Running Individual Steps

# Download recordings (skip already downloaded)
python download_recordings.py --min-duration 30

# Cluster with custom count
python cluster_demographics.py --clusters 3

# Build training data with larger context window
python build_training_data.py --window-size 7

# Fine-tune via Mistral API
python fine_tune.py --base-model open-mistral-nemo

# Fine-tune locally with LoRA (GPU required)
python finetune_job.py --all-clusters                    # Train all clusters
python finetune_job.py --cluster 0 --epochs 3            # Train single cluster
python finetune_job.py --all-clusters --lora-rank 64     # Higher LoRA rank
python finetune_job.py --all-clusters --no-wandb         # Disable W&B tracking

# Run only one demographic
python run_agents.py --cluster 0 --max-steps 20 --max-duration 120

# Run the agentic loop with local LoRA model
python agentic_loop.py --url http://localhost:3000 --app-description "..."

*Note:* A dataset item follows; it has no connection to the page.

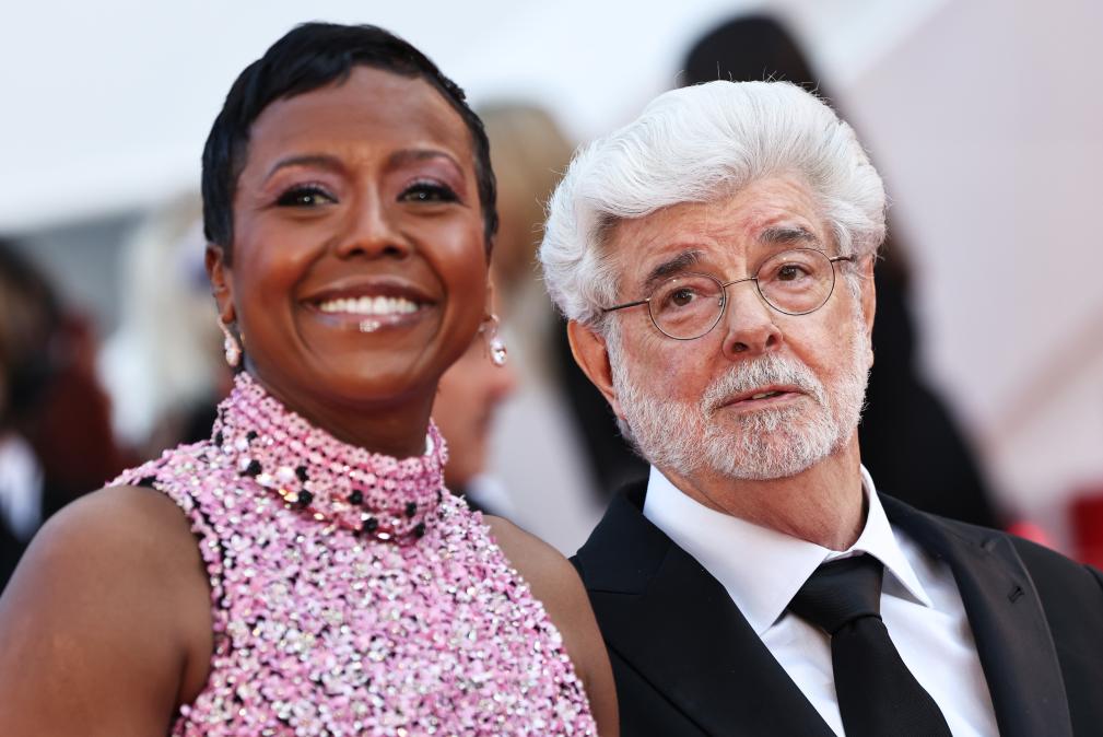 5月25日,在法國南部城市戛納舉行的第77屆戛納電影節(jié)上,美國導(dǎo)演、編劇、制片人喬治·盧卡斯(左)抵達(dá)閉幕式紅毯。新華社記者 高靜 攝

# Run end-to-end pipeline on a single recording
python run_pipeline.py <recording.json>

# Process synthetic sessions (flat-event JSON format)
python process_synthetic_batch.py --clusters 3 --concurrency 5

# Generate policies for all described sessions
python generate_all_policies.py

# Run evaluation scorers
python evaluation.py

Fine-Tuning Options

Approach Script Where Requirements
Mistral API fine_tune.py Cloud (Mistral servers) MISTRAL_API_KEY
Local LoRA finetune_job.py Your GPU server A100 80GB recommended, PyTorch, PEFT, TRL
vLLM Serving serve_vllm.sh Your GPU server vLLM, trained LoRA adapters

The local LoRA approach fine-tunes Mistral-7B-Instruct-v0.3 with per-cluster LoRA adapters. It supports Flash Attention 2, fused AdamW, gradient checkpointing, and packing for efficient A100 training.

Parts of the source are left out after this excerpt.